- _INFORMATION PROVIDED_
##########

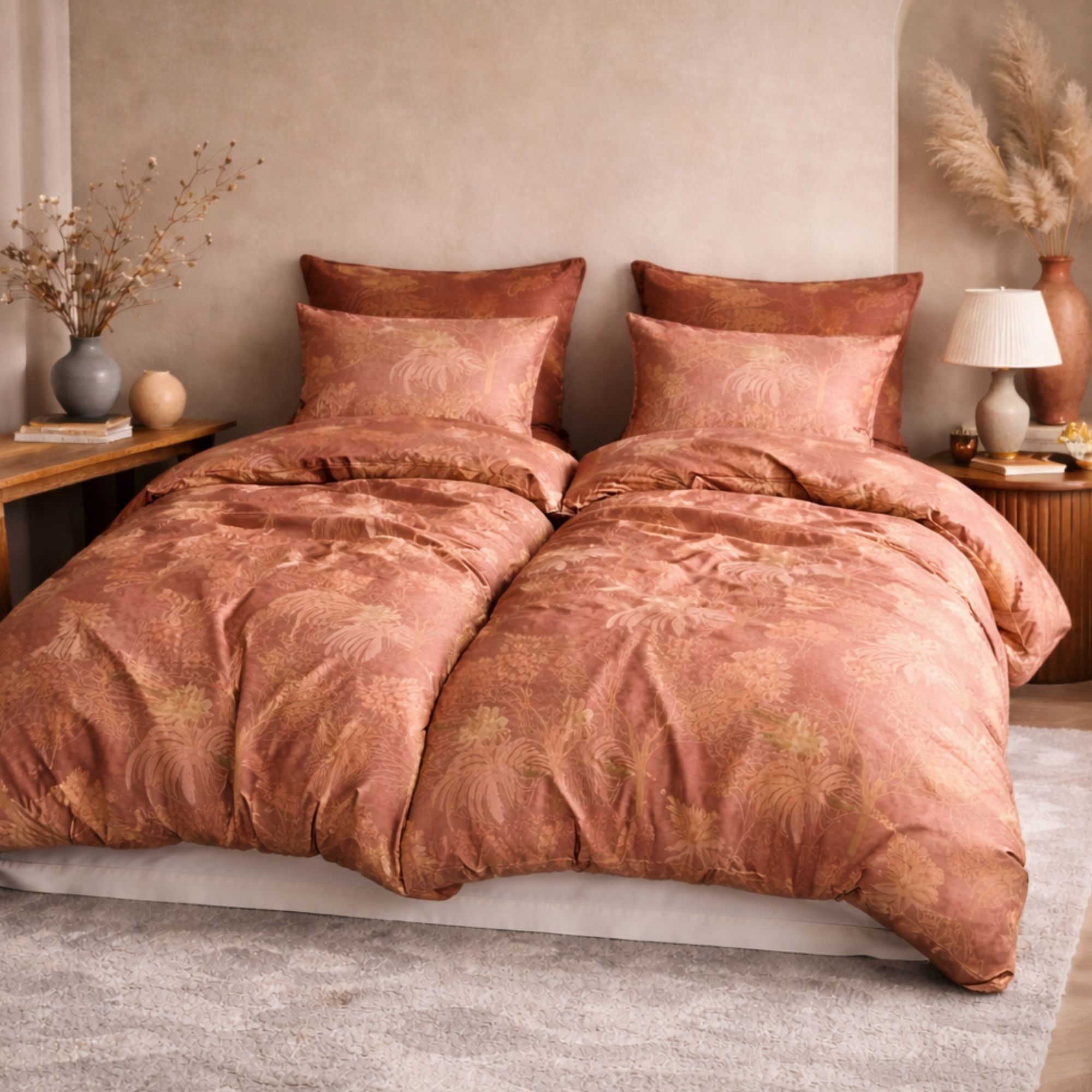 Voorpagina »Beddengoed » Eenpersoons beddengoed » Eenpersoons beddengoed 140x200 cm Beddengoed 140x200 cm - 100% katoensatijn - Høie Of Scandinavia - Margrethe Terracotta Bespaar28% Høie Of Scandinavia 95,4968,49EURBespaar 27,- Op voorraad Selecteer maat Selecteer variant Aantal In winkelwagen Bekijk meer van:Høie Of Scandinavia Artikelnr:6905-1 Lees onze beddengoedgids Bekijk ons ruime assortiment lakens Bekijk ons ruime assortiment dekbedden 140x200 Heb je vragen over het product? Zachte kwaliteit die prettig aanvoelt op de huidSatijnbinding die een glad en exclusief oppervlak geeftEen subtiele glans in de stof zorgt voor een luxe uitstraling Dekbedovertrek: 140x200 cm Kussensloop: 1 stuk á 60x63 cm Materiaal: 100% katoensatijn Weving: Extra fijne 220TC satijnbinding (Thread count = aantal draden per vierkante inch) Kleur: Roodachtig Design: Margrethe Terracotta Merk: Høie of Scandinavia Sluiting: Dekbedovertrek met ritssluiting, kussensloop met omslag Wassen: 60° Drogen in de droger: Ja Strijkbaar: Ja Certificering: EASY CARE behandeld, wat betekent dat het niet kreukt na het wassen. Certificering: STANDARD 100 by OEKO-TEX® (M24LHANWS). Uw garantie dat het product vrij is van schadelijke chemische stoffen. Gemusterd beddengoed in katoensatijn van Høie Het beddengoed is gemaakt van 100% katoensatijn met een extra fijne 220TC satijnbinding, die een ongelooflijk zacht en glad oppervlak geeft met een subtiele glans. De hoge kwaliteit zorgt voor een comfortabele en luxueuze slaapbeleving, waarbij comfort en esthetiek hand in hand gaan. Een groot voordeel van katoensatijn is de duurzaamheid. De stof is dicht geweven en sterk, wat het beddengoed bestand maakt tegen slijtage en herhaald wassen. Tegelijkertijd wordt het vaak zelfs zachter na verloop van tijd, zonder dat dit iets afdoet aan de vorm of kwaliteit. Dat maakt katoensatijn tot een goede en praktische keuze, omdat het luxe combineert met dagelijkse functionaliteit. Het beddengoed is STANDARD 100 by OEKO-TEX® gecertificeerd, wat uw garantie is dat het product vrij is van schadelijke chemische stoffen. Het is ook Easy Care behandeld, wat zorgt voor minder kreuk en een betere pasvorm na het wassen. Easy Care maakt uw beddengoed extra zacht en gemakkelijk te strijken. Bekijk al ons katoensatijnen beddengoed hier Høie Of Scandinavia Høie of Scandinavia is een bekend Scandinavisch textielmerk dat sinds 1850 een lange geschiedenis heeft, met name op het gebied van beddengoed, dekbedden en kussens. Høie staat bekend om hoge kwaliteit, tijdloos design en comfort - dit komt terug in hun Scandinavische stijl en functionaliteit. Høie combineert traditioneel vakmanschap met moderne productie en materialen om producten te maken die zowel prettig zijn om in te slapen als duurzaam in het dagelijks gebruik. Bekijk het volledige Høie assortiment hier Terug naar Eenpersoons beddengoed 140x200 cm
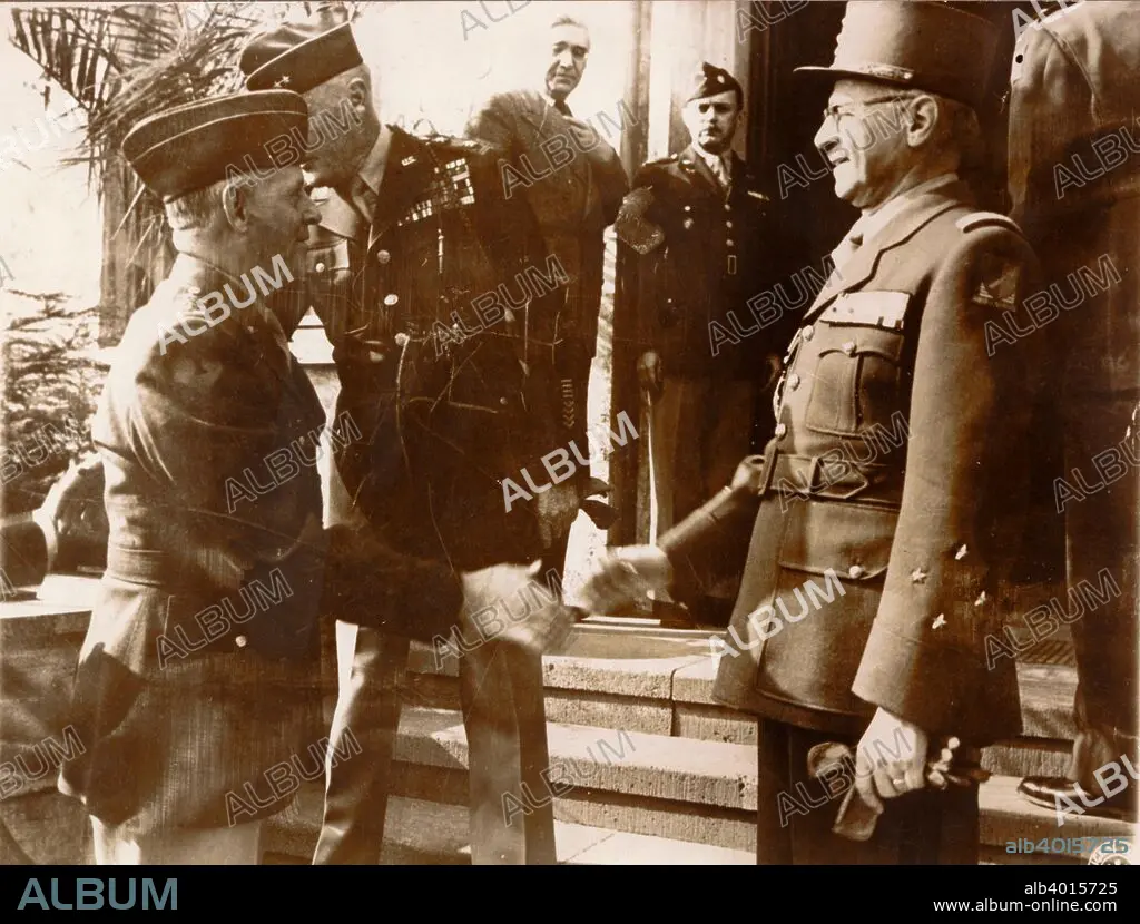 Caption: Unconditional surrender of the German armed forces, Rheims, France, World War II, 7 May 1945. French Major-General François Sevez (1891-1948), US Army General Walter Bedell Smith (1895-1961) and US Air Force General Carl Spaatz (1891-1974). The Soviet representative at the signing, Major-General Ivan Susloparov, did not have official authorisation from Moscow to sign the document and the Soviets insisted on a second signing, which took place in Berlin shortly before midnight the following day.
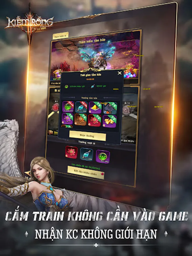 The game's unique train feature doesn't work but still has food, SEARCH DRAGON - VTC does not force you to plow, save time with busy Warriors, you can go online 1-2 hours to PK with your brothers , receive all the gift milestones in the game without having to go to the game to plow through the night like other games

##########

- _YOUR ASSIGNMENT_
When you restate the listing, keep every word as it is and drop the pictures.

- _EXPECTED ANSWER_
 Voorpagina »Beddengoed » Eenpersoons beddengoed » Eenpersoons beddengoed 140x200 cm Beddengoed 140x200 cm - 100% katoensatijn - Høie Of Scandinavia - Margrethe Terracotta Bespaar28% Høie Of Scandinavia 95,4968,49EURBespaar 27,- Op voorraad Selecteer maat Selecteer variant Aantal In winkelwagen Bekijk meer van:Høie Of Scandinavia Artikelnr:6905-1 Lees onze beddengoedgids Bekijk ons ruime assortiment lakens Bekijk ons ruime assortiment dekbedden 140x200 Heb je vragen over het product? Zachte kwaliteit die prettig aanvoelt op de huidSatijnbinding die een glad en exclusief oppervlak geeftEen subtiele glans in de stof zorgt voor een luxe uitstraling Dekbedovertrek: 140x200 cm Kussensloop: 1 stuk á 60x63 cm Materiaal: 100% katoensatijn Weving: Extra fijne 220TC satijnbinding (Thread count = aantal draden per vierkante inch) Kleur: Roodachtig Design: Margrethe Terracotta Merk: Høie of Scandinavia Sluiting: Dekbedovertrek met ritssluiting, kussensloop met omslag Wassen: 60° Drogen in de droger: Ja Strijkbaar: Ja Certificering: EASY CARE behandeld, wat betekent dat het niet kreukt na het wassen. Certificering: STANDARD 100 by OEKO-TEX® (M24LHANWS). Uw garantie dat het product vrij is van schadelijke chemische stoffen. Gemusterd beddengoed in katoensatijn van Høie Het beddengoed is gemaakt van 100% katoensatijn met een extra fijne 220TC satijnbinding, die een ongelooflijk zacht en glad oppervlak geeft met een subtiele glans. De hoge kwaliteit zorgt voor een comfortabele en luxueuze slaapbeleving, waarbij comfort en esthetiek hand in hand gaan. Een groot voordeel van katoensatijn is de duurzaamheid. De stof is dicht geweven en sterk, wat het beddengoed bestand maakt tegen slijtage en herhaald wassen. Tegelijkertijd wordt het vaak zelfs zachter na verloop van tijd, zonder dat dit iets afdoet aan de vorm of kwaliteit. Dat maakt katoensatijn tot een goede en praktische keuze, omdat het luxe combineert met dagelijkse functionaliteit. Het beddengoed is STANDARD 100 by OEKO-TEX® gecertificeerd, wat uw garantie is dat het product vrij is van schadelijke chemische stoffen. Het is ook Easy Care behandeld, wat zorgt voor minder kreuk en een betere pasvorm na het wassen. Easy Care maakt uw beddengoed extra zacht en gemakkelijk te strijken. Bekijk al ons katoensatijnen beddengoed hier Høie Of Scandinavia Høie of Scandinavia is een bekend Scandinavisch textielmerk dat sinds 1850 een lange geschiedenis heeft, met name op het gebied van beddengoed, dekbedden en kussens. Høie staat bekend om hoge kwaliteit, tijdloos design en comfort - dit komt terug in hun Scandinavische stijl en functionaliteit. Høie combineert traditioneel vakmanschap met moderne productie en materialen om producten te maken die zowel prettig zijn om in te slapen als duurzaam in het dagelijks gebruik. Bekijk het volledige Høie assortiment hier Terug naar Eenpersoons beddengoed 140x200 cm
 Caption: Unconditional surrender of the German armed forces, Rheims, France, World War II, 7 May 1945. French Major-General François Sevez (1891-1948), US Army General Walter Bedell Smith (1895-1961) and US Air Force General Carl Spaatz (1891-1974). The Soviet representative at the signing, Major-General Ivan Susloparov, did not have official authorisation from Moscow to sign the document and the Soviets insisted on a second signing, which took place in Berlin shortly before midnight the following day.
 The game's unique train feature doesn't work but still has food, SEARCH DRAGON - VTC does not force you to plow, save time with busy Warriors, you can go online 1-2 hours to PK with your brothers , receive all the gift milestones in the game without having to go to the game to plow through the night like other games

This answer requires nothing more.